Stocks prone to speculative trade dragged Dubai's equity index down on Wednesday while Egypt's blue chip developer Talaat Mostafa outperformed on news its former chairman has been pardoned and named chief executive. Dubai's index fell 0.7 percent in the lowest daily volume in one year.
Shares of builder Arabtec dropped 8.5 percent; on Wednesday the company said it has raised 1.5 billion dirhams in equity as part of its recapitalisation programme and "extinguished the company's accumulated losses of AED 4.6 billion as at December 31 2016".
GFH Financial, the most heavily traded stock, however, climbed 3.1 percent on news that it had agreed to sell part of its real estate portfolio, which it said had an "approximate value" of $55 million. The book value of the asset is $20 million. In neighbouring Abu Dhabi, some large caps, which were the main drag on the bourse earlier in the session, reversed course and helped take the index 0.4 percent higher. First Abu Dhabi added 1.4 percent to 10.65 dirhams ($2.90) after hitting a session low of 10.40 dirhams.
Kuwait's index closed flat in very thin trade. Blue chip banks outperformed with Warba Bank adding 1.2 percent while Boubyan Petrochemical lost 1.0 percent. Cairo's Talaat Mostafa Group jumped 5.8 percent in unusually heavy trade after the developer said it has appointed former chairman Hisham Talaat Mostafa as its chief executive.

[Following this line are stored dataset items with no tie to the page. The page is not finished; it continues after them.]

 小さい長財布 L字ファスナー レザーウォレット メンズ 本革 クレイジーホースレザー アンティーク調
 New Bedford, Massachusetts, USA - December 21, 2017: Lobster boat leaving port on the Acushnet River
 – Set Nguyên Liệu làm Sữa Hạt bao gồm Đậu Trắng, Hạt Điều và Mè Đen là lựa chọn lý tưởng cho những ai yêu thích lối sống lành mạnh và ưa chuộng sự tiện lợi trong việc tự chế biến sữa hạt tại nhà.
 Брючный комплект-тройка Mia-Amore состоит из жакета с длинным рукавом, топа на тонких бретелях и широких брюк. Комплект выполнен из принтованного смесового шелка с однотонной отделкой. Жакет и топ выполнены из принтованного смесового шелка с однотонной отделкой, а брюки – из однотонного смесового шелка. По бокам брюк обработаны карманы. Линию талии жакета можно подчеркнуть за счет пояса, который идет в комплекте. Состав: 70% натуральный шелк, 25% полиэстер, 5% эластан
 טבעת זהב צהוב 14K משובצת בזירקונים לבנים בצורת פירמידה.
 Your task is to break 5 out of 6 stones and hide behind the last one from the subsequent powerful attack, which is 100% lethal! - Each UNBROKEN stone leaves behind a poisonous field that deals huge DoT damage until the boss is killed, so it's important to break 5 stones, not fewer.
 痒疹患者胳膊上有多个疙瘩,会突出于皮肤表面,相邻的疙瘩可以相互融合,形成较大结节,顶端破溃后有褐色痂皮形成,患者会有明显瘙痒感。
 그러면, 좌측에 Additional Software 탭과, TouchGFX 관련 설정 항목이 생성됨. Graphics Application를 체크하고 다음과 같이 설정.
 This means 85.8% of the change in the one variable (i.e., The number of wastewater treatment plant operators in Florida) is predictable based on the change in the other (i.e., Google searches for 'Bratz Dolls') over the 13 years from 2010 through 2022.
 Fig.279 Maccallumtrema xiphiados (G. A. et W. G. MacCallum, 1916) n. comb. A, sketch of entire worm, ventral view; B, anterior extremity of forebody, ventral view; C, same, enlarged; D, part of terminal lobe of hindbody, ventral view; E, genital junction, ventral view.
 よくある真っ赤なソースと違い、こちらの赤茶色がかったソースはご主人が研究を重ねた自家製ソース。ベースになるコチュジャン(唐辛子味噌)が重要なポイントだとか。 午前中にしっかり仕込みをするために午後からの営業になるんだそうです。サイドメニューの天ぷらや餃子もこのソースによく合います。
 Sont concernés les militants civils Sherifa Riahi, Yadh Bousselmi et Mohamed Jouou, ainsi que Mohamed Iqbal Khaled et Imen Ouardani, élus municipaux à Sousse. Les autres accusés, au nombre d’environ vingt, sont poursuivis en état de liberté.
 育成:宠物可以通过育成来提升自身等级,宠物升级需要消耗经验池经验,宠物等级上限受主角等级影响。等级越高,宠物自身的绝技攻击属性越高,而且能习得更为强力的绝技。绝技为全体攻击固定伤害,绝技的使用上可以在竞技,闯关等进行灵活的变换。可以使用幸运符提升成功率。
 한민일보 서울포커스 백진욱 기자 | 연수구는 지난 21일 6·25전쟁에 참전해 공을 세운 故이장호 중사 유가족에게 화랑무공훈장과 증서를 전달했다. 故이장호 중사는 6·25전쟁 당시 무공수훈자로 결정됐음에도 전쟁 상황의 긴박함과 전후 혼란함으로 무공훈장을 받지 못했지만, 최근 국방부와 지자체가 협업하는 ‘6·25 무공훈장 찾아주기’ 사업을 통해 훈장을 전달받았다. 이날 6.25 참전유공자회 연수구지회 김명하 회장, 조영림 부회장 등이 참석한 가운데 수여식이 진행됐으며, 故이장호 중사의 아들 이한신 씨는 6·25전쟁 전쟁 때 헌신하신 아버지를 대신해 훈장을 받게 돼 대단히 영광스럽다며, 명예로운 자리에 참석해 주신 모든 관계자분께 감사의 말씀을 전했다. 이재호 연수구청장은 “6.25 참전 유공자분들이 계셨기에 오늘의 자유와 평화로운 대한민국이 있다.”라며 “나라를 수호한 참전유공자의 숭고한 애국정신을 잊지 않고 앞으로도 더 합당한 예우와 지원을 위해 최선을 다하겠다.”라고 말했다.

Last Friday Mostafa was among 502 prisoners pardoned by Egyptian President Abdel Fattah al-Sisi. He had been sentenced in 2010 to 15 years in prison for hiring a hitman to kill a Lebanese pop star. He was pardoned on health concerns, security sources told Reuters. Shares of Telecom Egypt rose 1.5 percent following last Thursday's news that the state-owned landline monopoly will secure a loan of up to 13 billion Egyptian pounds ($718.23 million) to improve infrastructure and mobile internet services.